### WORK ITEM
From the data below, repeat exactly the lines from the line with "5月23日至24日,为期两天" to the line with "L'applique esemplifica la", both included.
GIVEN RECORDS section start
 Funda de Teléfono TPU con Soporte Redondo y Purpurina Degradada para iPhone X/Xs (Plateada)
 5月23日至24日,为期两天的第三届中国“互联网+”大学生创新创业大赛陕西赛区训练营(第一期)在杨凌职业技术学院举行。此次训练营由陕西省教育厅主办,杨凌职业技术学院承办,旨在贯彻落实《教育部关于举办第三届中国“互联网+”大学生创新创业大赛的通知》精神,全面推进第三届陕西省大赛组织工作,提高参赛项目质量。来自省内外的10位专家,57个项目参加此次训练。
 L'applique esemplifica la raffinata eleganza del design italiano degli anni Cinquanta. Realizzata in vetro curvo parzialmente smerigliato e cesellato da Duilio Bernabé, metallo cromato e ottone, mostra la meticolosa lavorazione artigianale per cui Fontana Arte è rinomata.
GIVEN RECORDS section end
GIVEN RECORDS section start
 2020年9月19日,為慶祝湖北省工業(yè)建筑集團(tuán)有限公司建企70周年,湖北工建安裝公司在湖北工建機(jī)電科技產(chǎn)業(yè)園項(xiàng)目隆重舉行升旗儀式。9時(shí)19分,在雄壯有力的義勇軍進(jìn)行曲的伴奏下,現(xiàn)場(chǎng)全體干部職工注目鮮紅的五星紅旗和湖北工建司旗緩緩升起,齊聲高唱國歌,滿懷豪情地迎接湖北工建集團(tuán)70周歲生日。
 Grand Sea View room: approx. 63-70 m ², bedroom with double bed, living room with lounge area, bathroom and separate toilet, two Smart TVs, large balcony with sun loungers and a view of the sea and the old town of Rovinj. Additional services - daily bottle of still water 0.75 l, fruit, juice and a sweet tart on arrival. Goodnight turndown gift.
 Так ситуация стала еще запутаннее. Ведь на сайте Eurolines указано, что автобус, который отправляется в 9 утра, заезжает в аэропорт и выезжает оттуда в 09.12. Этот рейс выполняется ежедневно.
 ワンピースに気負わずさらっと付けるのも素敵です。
GIVEN RECORDS section end
### TASK OUTPUT
 5月23日至24日,为期两天的第三届中国“互联网+”大学生创新创业大赛陕西赛区训练营(第一期)在杨凌职业技术学院举行。此次训练营由陕西省教育厅主办,杨凌职业技术学院承办,旨在贯彻落实《教育部关于举办第三届中国“互联网+”大学生创新创业大赛的通知》精神,全面推进第三届陕西省大赛组织工作,提高参赛项目质量。来自省内外的10位专家,57个项目参加此次训练。
 L'applique esemplifica la raffinata eleganza del design italiano degli anni Cinquanta. Realizzata in vetro curvo parzialmente smerigliato e cesellato da Duilio Bernabé, metallo cromato e ottone, mostra la meticolosa lavorazione artigianale per cui Fontana Arte è rinomata.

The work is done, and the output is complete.